*Exercise directions*:
Each line in the records below, from the one that contains "Salon od południowego" to the one that contains "Boho Western Cowgirl", should be reproduced exactly, the first and last included.

*Material shown*:
=== Begin Enclosure ===

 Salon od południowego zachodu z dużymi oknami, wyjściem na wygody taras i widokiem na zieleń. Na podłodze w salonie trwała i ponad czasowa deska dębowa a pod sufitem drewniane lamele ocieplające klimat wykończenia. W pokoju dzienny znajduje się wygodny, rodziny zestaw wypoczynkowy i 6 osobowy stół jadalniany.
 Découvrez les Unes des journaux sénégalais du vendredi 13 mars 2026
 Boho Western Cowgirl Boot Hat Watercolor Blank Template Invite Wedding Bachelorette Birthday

=== End Enclosure ===
=== Begin Enclosure ===

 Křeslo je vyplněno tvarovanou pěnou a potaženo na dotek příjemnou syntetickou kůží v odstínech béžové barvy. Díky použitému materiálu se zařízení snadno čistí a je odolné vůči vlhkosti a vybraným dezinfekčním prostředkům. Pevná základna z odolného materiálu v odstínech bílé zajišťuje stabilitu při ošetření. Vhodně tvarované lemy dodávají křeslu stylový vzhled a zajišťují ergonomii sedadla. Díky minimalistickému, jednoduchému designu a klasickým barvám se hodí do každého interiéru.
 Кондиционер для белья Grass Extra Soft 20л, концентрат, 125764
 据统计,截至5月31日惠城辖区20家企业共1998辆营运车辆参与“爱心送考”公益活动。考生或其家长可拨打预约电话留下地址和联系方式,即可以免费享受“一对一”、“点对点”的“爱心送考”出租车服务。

=== End Enclosure ===
=== Begin Enclosure ===

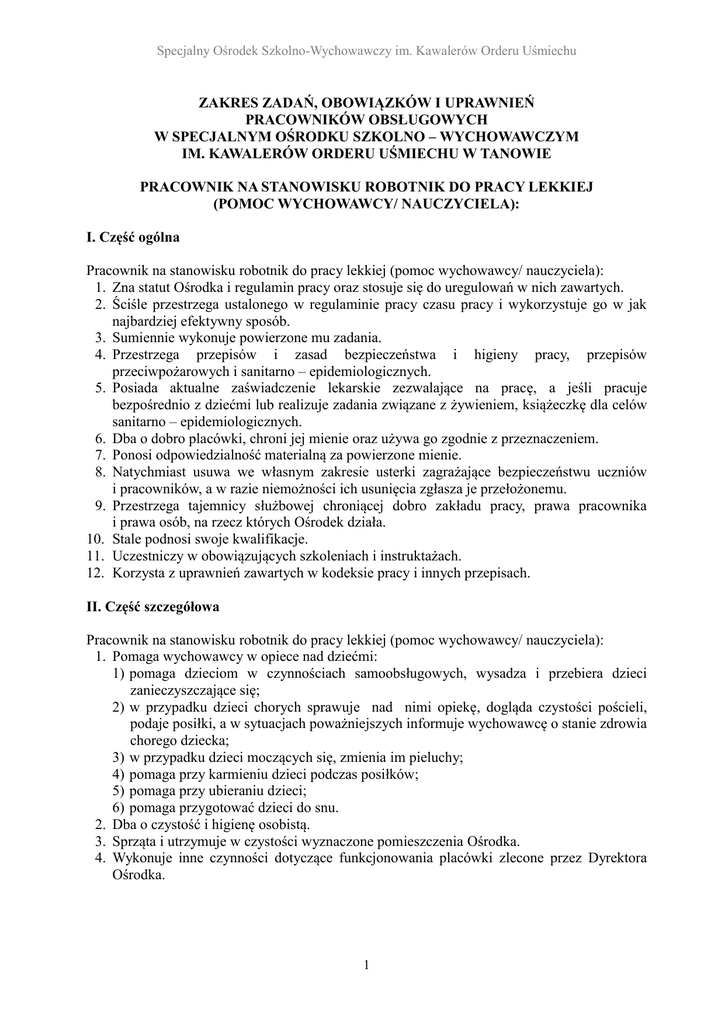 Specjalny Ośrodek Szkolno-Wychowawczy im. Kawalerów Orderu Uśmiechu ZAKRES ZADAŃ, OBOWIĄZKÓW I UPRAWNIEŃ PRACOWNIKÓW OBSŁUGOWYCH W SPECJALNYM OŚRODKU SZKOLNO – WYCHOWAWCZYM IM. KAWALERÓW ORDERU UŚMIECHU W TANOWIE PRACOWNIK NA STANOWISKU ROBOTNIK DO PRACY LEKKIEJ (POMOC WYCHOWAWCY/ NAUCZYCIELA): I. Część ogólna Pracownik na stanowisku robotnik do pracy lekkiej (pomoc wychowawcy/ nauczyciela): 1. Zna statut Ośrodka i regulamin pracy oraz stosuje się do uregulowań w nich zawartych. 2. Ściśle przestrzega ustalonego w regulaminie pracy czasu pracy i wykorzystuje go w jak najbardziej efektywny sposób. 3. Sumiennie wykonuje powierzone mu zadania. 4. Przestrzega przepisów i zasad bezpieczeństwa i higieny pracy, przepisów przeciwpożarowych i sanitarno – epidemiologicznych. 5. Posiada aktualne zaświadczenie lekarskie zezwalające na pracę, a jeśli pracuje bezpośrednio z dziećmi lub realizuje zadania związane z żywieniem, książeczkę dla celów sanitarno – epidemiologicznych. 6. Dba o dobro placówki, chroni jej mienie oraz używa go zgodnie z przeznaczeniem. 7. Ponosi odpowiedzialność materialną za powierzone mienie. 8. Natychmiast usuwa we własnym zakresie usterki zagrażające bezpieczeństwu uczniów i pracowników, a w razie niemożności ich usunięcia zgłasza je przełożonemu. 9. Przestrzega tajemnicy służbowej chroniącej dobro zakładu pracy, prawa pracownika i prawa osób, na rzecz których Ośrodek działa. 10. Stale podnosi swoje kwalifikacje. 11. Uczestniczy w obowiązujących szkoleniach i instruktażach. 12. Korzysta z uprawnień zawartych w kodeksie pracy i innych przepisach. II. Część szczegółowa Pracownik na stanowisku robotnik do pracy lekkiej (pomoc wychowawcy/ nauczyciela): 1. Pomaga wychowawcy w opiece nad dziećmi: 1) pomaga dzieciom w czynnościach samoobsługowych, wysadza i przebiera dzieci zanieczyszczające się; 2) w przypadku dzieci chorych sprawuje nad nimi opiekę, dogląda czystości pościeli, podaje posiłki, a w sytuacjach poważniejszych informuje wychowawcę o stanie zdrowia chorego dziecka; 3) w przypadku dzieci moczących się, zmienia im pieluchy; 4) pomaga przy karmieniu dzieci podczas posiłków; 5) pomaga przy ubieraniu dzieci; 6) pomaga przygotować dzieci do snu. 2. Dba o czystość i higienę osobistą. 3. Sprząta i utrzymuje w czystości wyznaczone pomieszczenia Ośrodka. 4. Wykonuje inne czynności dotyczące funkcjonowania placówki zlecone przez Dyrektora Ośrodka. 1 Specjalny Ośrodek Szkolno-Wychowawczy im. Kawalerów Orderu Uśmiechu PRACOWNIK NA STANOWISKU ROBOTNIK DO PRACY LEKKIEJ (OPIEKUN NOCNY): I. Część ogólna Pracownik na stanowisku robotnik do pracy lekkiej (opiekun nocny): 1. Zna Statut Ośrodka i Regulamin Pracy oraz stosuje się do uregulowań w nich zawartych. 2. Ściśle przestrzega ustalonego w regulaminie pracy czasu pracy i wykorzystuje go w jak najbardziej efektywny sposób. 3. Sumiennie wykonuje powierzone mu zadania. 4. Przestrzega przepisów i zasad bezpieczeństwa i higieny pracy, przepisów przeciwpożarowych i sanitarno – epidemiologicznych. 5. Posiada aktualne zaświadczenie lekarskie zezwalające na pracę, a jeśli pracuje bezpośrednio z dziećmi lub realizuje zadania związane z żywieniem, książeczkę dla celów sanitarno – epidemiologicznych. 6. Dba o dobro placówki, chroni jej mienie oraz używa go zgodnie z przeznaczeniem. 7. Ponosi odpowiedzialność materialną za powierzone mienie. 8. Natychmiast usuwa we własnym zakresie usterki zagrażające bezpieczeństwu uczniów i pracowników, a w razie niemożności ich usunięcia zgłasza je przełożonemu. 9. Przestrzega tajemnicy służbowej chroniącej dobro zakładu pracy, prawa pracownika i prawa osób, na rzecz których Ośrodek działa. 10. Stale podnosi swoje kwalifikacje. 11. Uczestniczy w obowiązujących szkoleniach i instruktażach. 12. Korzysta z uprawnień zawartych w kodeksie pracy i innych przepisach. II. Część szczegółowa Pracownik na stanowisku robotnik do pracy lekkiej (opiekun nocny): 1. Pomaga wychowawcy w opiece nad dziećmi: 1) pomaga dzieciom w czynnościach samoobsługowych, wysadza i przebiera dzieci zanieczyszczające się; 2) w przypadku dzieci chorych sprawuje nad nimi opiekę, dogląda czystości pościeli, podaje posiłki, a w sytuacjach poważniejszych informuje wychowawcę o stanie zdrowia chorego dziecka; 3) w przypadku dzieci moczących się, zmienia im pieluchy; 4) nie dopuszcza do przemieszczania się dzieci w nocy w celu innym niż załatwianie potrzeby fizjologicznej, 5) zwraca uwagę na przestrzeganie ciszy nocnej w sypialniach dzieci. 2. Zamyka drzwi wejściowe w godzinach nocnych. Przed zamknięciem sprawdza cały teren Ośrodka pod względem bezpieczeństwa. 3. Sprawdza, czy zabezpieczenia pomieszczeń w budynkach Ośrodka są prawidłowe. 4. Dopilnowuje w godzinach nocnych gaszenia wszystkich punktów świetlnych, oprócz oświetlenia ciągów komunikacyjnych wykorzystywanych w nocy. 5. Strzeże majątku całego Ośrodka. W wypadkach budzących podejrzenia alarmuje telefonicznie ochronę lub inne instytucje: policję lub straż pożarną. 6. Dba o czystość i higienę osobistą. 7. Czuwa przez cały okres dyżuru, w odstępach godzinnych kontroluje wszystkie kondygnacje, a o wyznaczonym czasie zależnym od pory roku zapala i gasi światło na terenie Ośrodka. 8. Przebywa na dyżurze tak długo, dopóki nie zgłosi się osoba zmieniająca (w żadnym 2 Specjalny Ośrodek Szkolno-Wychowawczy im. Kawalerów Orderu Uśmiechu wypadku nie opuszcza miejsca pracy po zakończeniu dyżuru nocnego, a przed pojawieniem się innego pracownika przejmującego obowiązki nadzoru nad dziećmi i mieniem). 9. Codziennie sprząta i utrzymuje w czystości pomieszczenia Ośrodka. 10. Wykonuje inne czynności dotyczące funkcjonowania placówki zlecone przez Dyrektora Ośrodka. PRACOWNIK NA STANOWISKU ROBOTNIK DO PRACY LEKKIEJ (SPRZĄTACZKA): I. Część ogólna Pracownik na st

=== End Enclosure ===

*Exercise output*:
 Salon od południowego zachodu z dużymi oknami, wyjściem na wygody taras i widokiem na zieleń. Na podłodze w salonie trwała i ponad czasowa deska dębowa a pod sufitem drewniane lamele ocieplające klimat wykończenia. W pokoju dzienny znajduje się wygodny, rodziny zestaw wypoczynkowy i 6 osobowy stół jadalniany.
 Découvrez les Unes des journaux sénégalais du vendredi 13 mars 2026
 Boho Western Cowgirl Boot Hat Watercolor Blank Template Invite Wedding Bachelorette Birthday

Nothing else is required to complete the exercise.